I tried to do my own research on it but I'm not very much cleared about it. Please explain it to me in simple language. this term is being used by Post-structuralism and postmodernists.
2 Answers
To understand anti-humanism we should first understand 'modernism' and the philosophical rejection of it that is commonly (if inaptly) called post-modernism.
'Modernism' — in this philosophical sense — is a tendency to conflate 'The Modern' with 'The Good'. The term started in architecture, of all places, because there was a movement in the early-to-mid 20th century to create 'modern' urban landscapes: efficient grid-style street layouts; concrete, glass, and steel office blocks; zoning meant to keep commercial, industrial, and residential functions in separate areas. Cities across the globe have been made or remade in this pattern — Los Angeles, Atlanta, central London, Dubai City, Seoul, Nairobi, etc... - so that it's almost ubiquitous. It's an efficient and effective design. But it's also — according to critics — suffocating, characterless, soulless, and dehumanizing.
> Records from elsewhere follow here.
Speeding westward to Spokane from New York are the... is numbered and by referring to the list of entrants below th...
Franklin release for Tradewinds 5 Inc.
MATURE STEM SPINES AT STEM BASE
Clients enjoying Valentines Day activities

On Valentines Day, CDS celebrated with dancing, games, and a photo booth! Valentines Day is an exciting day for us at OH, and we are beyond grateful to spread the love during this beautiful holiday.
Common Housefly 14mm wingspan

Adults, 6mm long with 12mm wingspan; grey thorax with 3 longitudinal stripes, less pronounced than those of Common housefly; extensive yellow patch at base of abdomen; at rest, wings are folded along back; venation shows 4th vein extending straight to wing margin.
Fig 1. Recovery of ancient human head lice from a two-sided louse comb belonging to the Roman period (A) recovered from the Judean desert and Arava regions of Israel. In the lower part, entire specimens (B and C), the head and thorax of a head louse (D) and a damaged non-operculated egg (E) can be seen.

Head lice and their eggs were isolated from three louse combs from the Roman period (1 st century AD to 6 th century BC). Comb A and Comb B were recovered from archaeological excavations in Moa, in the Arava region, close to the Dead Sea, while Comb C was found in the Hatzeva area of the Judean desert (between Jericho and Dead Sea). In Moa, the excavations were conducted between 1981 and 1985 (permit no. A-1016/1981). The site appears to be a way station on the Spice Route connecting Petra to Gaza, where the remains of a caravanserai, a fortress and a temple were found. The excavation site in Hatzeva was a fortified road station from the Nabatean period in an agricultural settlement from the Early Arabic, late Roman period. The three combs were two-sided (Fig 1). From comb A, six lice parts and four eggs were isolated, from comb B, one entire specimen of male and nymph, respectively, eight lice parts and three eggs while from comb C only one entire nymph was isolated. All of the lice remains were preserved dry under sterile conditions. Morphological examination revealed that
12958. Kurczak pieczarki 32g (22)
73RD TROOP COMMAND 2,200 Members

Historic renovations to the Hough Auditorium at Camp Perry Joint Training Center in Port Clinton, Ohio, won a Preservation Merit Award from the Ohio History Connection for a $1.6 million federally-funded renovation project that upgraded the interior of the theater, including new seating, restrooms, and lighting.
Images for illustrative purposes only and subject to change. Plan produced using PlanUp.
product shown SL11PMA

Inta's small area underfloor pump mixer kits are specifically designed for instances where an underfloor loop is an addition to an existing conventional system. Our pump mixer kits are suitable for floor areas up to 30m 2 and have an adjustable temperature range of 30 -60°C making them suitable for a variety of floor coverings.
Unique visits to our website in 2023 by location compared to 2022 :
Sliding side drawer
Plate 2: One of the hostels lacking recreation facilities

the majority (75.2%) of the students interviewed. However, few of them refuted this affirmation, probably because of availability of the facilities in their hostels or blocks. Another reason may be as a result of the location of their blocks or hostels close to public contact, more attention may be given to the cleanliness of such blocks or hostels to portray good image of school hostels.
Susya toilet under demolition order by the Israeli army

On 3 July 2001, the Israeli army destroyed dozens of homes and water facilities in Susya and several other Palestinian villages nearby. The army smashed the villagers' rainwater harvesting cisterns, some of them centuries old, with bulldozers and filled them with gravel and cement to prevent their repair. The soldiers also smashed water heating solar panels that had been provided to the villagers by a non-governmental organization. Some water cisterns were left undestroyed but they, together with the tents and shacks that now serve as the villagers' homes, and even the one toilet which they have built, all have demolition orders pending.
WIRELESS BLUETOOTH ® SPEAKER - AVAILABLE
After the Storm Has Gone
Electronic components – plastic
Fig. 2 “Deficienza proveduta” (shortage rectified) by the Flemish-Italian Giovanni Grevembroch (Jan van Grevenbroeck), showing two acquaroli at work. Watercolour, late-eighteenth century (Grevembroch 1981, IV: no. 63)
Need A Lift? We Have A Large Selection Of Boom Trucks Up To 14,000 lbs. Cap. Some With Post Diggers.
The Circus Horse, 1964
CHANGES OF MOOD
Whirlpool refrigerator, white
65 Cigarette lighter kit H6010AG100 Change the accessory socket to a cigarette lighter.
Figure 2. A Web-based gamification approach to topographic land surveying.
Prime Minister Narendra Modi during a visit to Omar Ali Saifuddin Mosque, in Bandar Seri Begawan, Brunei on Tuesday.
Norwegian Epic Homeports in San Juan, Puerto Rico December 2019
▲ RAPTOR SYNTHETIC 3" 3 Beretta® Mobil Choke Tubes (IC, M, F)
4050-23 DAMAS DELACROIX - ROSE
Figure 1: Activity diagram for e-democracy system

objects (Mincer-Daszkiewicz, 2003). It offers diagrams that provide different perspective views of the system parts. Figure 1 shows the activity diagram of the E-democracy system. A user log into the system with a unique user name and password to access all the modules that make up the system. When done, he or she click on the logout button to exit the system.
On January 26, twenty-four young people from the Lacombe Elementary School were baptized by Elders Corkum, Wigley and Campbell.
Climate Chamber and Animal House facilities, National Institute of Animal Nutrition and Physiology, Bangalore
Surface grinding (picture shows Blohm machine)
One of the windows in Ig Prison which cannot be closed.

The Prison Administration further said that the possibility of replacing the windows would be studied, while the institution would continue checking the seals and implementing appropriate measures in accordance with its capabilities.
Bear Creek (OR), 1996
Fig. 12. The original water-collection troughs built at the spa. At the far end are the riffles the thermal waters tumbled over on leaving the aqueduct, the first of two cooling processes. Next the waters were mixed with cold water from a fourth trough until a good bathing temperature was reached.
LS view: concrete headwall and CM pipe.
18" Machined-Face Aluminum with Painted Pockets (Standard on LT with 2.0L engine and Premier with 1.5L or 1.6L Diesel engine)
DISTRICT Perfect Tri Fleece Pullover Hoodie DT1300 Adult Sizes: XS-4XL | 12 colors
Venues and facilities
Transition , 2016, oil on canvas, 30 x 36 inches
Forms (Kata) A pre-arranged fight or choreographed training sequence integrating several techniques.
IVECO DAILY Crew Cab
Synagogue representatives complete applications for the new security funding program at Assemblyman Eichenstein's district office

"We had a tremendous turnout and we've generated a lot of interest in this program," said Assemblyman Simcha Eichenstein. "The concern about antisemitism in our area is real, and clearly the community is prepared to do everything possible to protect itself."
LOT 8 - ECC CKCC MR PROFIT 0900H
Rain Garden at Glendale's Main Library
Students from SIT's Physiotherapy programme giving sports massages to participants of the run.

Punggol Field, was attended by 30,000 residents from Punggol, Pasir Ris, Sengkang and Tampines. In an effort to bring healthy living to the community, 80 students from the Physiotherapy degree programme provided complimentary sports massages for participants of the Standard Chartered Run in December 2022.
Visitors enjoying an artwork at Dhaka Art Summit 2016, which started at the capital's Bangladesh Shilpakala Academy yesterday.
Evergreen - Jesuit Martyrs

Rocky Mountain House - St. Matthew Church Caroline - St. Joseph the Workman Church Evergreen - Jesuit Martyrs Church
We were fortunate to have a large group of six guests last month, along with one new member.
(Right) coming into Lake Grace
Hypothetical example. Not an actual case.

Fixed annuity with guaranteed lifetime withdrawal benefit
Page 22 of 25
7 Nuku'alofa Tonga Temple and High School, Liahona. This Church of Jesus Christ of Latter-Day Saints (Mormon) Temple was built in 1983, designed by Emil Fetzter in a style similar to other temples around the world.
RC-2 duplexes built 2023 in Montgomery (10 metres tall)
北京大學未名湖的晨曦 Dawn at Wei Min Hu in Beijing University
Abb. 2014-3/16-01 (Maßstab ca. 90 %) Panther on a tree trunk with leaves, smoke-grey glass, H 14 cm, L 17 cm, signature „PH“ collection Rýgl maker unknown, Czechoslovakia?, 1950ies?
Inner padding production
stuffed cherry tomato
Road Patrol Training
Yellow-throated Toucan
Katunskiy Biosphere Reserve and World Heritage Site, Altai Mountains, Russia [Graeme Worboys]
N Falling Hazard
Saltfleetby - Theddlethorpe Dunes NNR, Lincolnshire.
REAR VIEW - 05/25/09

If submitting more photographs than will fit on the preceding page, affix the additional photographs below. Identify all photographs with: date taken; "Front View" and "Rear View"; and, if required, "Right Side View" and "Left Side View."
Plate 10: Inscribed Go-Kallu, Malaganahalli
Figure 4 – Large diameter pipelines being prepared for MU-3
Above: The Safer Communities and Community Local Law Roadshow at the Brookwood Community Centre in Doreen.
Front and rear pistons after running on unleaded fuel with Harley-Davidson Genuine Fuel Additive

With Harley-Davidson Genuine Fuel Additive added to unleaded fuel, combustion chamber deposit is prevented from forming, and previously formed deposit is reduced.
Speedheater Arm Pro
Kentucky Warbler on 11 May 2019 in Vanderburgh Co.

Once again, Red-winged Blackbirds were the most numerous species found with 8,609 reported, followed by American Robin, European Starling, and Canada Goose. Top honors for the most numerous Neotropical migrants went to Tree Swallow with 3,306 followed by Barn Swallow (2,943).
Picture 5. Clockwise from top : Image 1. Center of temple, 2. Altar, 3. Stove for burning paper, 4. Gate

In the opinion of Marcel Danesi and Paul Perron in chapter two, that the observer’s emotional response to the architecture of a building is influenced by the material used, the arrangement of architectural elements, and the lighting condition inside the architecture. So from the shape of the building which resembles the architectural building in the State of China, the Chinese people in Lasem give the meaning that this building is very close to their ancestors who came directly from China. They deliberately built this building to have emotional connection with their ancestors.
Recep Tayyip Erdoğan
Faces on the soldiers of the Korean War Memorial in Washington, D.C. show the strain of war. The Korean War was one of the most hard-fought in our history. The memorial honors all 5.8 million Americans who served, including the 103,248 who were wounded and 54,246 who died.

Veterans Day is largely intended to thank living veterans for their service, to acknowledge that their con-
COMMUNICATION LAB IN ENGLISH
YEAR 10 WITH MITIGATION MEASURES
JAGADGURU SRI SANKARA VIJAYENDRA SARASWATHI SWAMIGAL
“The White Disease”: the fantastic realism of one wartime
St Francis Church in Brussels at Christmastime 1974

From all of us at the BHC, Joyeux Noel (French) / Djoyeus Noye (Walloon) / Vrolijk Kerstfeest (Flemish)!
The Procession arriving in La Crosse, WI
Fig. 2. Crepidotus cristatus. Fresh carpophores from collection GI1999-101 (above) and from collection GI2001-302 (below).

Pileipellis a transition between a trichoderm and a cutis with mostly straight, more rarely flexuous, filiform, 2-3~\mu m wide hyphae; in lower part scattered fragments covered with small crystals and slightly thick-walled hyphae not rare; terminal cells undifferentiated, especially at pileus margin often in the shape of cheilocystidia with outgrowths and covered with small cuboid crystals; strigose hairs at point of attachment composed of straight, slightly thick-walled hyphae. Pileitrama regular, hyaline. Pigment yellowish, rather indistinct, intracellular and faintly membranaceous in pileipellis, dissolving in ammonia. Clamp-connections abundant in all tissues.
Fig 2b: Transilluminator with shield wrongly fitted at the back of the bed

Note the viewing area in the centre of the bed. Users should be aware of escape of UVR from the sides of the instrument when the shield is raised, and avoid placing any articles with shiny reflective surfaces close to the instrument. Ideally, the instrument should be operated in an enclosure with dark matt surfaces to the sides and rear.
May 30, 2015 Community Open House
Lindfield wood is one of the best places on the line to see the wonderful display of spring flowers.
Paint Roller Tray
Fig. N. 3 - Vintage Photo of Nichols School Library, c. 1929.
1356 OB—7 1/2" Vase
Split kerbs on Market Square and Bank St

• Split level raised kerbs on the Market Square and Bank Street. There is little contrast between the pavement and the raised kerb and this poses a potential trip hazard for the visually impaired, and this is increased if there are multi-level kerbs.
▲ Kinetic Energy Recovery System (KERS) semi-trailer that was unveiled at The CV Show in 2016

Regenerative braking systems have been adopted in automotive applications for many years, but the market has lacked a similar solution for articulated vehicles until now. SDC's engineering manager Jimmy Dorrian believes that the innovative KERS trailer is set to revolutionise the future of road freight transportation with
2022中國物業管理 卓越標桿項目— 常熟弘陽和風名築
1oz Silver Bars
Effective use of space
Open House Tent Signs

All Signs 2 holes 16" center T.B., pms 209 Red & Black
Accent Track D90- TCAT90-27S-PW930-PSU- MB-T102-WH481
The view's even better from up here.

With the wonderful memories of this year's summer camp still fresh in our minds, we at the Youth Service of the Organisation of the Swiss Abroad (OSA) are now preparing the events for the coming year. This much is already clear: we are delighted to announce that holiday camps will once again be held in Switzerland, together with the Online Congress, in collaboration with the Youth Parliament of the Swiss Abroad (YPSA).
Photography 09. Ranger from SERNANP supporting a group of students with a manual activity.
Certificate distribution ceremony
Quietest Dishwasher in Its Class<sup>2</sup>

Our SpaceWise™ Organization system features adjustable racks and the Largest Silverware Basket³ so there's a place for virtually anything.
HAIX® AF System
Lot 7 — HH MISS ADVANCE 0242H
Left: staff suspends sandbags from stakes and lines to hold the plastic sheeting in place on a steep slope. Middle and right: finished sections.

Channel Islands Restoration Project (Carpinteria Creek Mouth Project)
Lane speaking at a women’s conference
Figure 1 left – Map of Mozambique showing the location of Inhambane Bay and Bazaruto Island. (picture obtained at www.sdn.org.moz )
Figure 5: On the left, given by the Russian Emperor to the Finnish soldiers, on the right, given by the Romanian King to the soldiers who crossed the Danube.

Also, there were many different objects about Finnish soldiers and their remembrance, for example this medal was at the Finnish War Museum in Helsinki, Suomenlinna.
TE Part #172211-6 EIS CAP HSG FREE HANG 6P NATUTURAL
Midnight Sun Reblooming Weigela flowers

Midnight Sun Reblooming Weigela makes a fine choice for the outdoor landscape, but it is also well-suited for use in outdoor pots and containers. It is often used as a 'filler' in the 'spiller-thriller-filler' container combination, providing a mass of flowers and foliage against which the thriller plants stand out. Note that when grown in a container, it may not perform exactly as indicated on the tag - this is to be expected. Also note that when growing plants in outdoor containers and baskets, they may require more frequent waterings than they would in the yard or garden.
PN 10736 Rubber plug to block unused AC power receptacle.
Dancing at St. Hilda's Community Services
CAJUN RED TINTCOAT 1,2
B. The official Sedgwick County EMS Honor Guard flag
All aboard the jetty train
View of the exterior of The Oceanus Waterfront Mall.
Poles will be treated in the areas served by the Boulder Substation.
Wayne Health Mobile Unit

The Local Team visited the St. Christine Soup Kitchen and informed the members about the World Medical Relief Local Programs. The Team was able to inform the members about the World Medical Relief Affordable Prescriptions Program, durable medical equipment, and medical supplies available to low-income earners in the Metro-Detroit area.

There's no room in an efficient modern city for culture, quaintness, self-expression, individuality, idiosyncrasy, or other distinctive traits. One can go from nation to nation and see the same malls, the same gated communities, and the same towering slab-like buildings.
This image spread to philosophy more generally as a metaphor, with people worrying about how modern, Western, technology-driven culture was imposing itself as 'The Good' on both the world at large and the individuals within it, with a wild and unreflective abandon. And so philosophy began to critique 'The Modern' to show that it wasn't the same as 'The Good', and that in fact 'The Modern' carried with it unpleasant and unsavory cultural norms: racism, sexism, exploitation, brutal legalism, and the like. They started looking for something that went beyond the limitations of 'The Modern': something that recaptured the spirit and vitality of human life in the face of the bland, imposing, monolithic reductionism of modernity.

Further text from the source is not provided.